A good post-mortem produces two things: a shared understanding of what happened, and concrete action items that make the system more resilient. A bad post-mortem produces a document that nobody reads and action items that nobody does.

When to Write a Post-Mortem

Write one when:

A production outage affected users
A significant bug reached production (even if caught quickly)
An incident required emergency response (someone got paged)
A near-miss that could have been much worse
Data was lost, corrupted, or exposed
A deployment had to be rolled back

The bar should be low.

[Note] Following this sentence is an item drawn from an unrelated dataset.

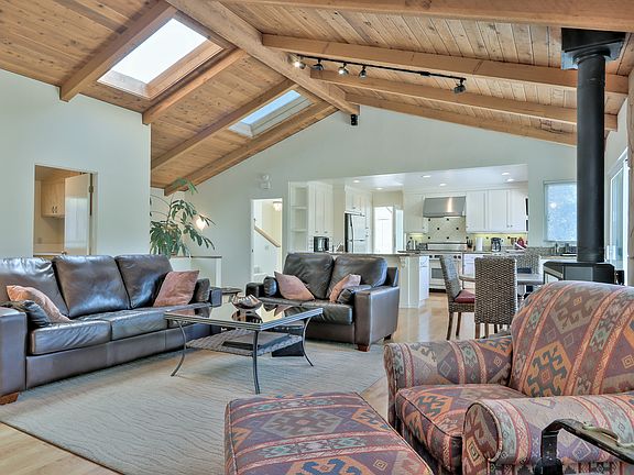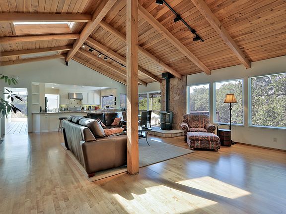 Unblockable Windy Hill views. Work from home in this private, tri-level home. Picturesque grounds cradle this entertainers delight close to great schools, trails. Formal entry, dining, and living room with fireplace. Kitchen with dining, bar opens to family room with cozy wood-burning stove and beamed vaulted ceilings. Top floor master has study/lounge area. Main level has second en-suite, two more bedrooms, bath, and laundry. Stroll out of built-in dual office with 60 tv and fireplace to secluded patio. A studio with private entry, kitchen, bath and sauna compliment the gorgeous pool and spa area. Storage with roll-up, garage features large closet, storage, and electric car charging. Nestled in nature on acre+, minutes to Stanford, Facebook, Tesla, shopping/dining, this peaceful sanctuary has room for everyone, multiple work-from-home options, and the amenities of a vacation.

Writing post-mortems for small incidents builds the habit and catches systemic issues that only show up in aggregate.

Step 0: Load System Context for the Incident

Before analyzing what went wrong, understand how the system was supposed to work. Incident analysis is dramatically better when informed by actual architecture, not reconstructed from memory during a stressful review.

If gjalla is available, query these tools first:

get_context — load the project architecture, capabilities, rules, and tech stack to understand how the affected components relate to each other. This helps identify contributing factors beyond the immediate root cause.
get_file_context (path: files involved in the incident) — understand each file's architectural role, which elements it belongs to, and what rules apply. This reveals the actual path the failure took, which is often different from what people assume.
get_impact — if there are uncommitted changes related to the incident fix, check their blast radius before committing.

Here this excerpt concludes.